From the records below, transcribe exactly the lines that begin at the line with "事实上,根据泰国法律,只要警" and end at the line with "既來之,我們自然要入洞一探究", both included.

══ DATA SHOWN ══

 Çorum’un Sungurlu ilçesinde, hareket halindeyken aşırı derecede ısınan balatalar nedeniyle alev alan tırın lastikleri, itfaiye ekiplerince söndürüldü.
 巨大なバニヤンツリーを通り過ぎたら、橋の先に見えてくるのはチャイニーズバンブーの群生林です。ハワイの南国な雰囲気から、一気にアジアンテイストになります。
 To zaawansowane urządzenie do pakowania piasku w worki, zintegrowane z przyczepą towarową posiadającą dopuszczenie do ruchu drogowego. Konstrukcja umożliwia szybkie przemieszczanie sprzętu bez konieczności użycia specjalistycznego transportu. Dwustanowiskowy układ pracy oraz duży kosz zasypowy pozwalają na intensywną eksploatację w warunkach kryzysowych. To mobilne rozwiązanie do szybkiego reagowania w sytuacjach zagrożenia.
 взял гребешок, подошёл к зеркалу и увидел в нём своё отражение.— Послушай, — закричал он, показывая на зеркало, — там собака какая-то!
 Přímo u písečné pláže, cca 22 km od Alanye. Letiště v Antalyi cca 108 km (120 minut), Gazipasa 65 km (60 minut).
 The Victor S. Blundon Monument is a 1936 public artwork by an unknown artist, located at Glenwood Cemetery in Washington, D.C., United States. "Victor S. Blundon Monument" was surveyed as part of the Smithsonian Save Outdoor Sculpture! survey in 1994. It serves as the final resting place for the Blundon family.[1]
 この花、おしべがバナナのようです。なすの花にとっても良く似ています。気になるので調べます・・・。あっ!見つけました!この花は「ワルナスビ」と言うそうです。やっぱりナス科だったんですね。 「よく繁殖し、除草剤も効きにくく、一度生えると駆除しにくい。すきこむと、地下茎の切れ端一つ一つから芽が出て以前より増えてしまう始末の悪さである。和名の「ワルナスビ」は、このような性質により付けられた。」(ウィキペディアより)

═══
══ DATA SHOWN ══

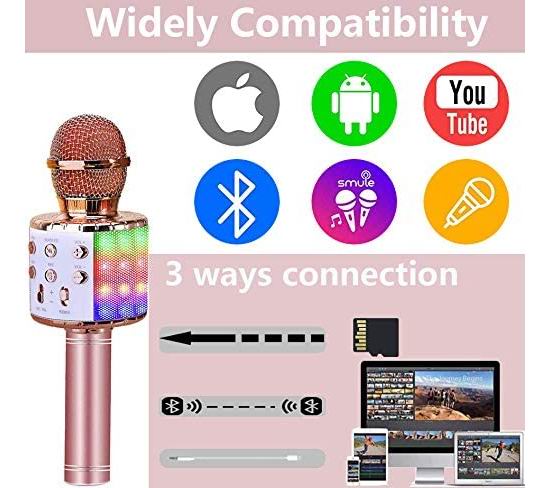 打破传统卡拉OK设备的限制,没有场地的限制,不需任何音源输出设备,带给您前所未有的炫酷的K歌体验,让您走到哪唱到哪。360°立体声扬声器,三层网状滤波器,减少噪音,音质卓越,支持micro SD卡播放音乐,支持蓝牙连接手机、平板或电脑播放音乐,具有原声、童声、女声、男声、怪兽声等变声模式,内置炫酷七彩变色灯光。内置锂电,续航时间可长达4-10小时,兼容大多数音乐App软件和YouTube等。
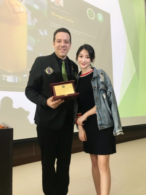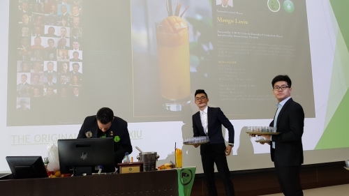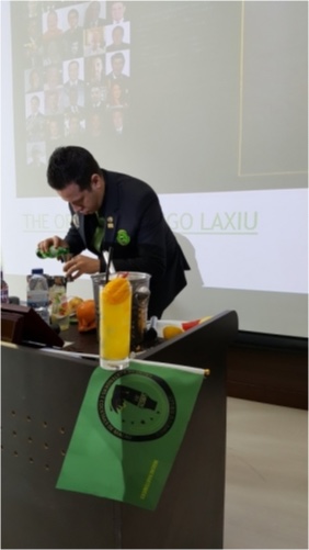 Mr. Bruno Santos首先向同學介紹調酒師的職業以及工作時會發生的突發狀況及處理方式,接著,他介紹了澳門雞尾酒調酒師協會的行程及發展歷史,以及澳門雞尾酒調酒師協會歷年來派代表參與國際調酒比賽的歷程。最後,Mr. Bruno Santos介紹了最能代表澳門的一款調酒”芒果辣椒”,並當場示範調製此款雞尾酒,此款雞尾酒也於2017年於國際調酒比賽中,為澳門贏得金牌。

═══
══ DATA SHOWN ══

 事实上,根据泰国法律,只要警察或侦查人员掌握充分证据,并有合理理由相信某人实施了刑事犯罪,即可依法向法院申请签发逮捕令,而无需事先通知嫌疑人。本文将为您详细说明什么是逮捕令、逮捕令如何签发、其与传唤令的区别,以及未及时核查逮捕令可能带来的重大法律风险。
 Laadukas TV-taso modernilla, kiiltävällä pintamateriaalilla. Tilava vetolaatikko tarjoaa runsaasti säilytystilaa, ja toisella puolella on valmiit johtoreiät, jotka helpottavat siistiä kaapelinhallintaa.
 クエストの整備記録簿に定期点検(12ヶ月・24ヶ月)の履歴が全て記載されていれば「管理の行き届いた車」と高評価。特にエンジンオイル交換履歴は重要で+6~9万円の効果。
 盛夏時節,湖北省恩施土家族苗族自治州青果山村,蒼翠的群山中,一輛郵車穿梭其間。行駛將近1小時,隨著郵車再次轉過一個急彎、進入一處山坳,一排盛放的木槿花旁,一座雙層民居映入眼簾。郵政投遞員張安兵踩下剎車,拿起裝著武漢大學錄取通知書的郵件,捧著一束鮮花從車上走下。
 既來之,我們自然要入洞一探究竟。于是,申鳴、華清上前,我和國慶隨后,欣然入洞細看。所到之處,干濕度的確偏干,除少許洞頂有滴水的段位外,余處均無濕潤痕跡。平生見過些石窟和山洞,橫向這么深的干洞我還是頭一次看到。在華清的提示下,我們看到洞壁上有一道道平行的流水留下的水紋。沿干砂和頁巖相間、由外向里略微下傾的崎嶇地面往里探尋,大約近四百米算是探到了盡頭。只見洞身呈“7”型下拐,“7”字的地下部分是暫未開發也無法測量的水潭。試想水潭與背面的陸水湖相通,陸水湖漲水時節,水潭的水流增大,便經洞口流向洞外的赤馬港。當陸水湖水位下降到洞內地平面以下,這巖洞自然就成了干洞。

═══

▶ EXERCISE SOLUTION:
 事实上,根据泰国法律,只要警察或侦查人员掌握充分证据,并有合理理由相信某人实施了刑事犯罪,即可依法向法院申请签发逮捕令,而无需事先通知嫌疑人。本文将为您详细说明什么是逮捕令、逮捕令如何签发、其与传唤令的区别,以及未及时核查逮捕令可能带来的重大法律风险。
 Laadukas TV-taso modernilla, kiiltävällä pintamateriaalilla. Tilava vetolaatikko tarjoaa runsaasti säilytystilaa, ja toisella puolella on valmiit johtoreiät, jotka helpottavat siistiä kaapelinhallintaa.
 クエストの整備記録簿に定期点検(12ヶ月・24ヶ月)の履歴が全て記載されていれば「管理の行き届いた車」と高評価。特にエンジンオイル交換履歴は重要で+6~9万円の効果。
 盛夏時節,湖北省恩施土家族苗族自治州青果山村,蒼翠的群山中,一輛郵車穿梭其間。行駛將近1小時,隨著郵車再次轉過一個急彎、進入一處山坳,一排盛放的木槿花旁,一座雙層民居映入眼簾。郵政投遞員張安兵踩下剎車,拿起裝著武漢大學錄取通知書的郵件,捧著一束鮮花從車上走下。
 既來之,我們自然要入洞一探究竟。于是,申鳴、華清上前,我和國慶隨后,欣然入洞細看。所到之處,干濕度的確偏干,除少許洞頂有滴水的段位外,余處均無濕潤痕跡。平生見過些石窟和山洞,橫向這么深的干洞我還是頭一次看到。在華清的提示下,我們看到洞壁上有一道道平行的流水留下的水紋。沿干砂和頁巖相間、由外向里略微下傾的崎嶇地面往里探尋,大約近四百米算是探到了盡頭。只見洞身呈“7”型下拐,“7”字的地下部分是暫未開發也無法測量的水潭。試想水潭與背面的陸水湖相通,陸水湖漲水時節,水潭的水流增大,便經洞口流向洞外的赤馬港。當陸水湖水位下降到洞內地平面以下,這巖洞自然就成了干洞。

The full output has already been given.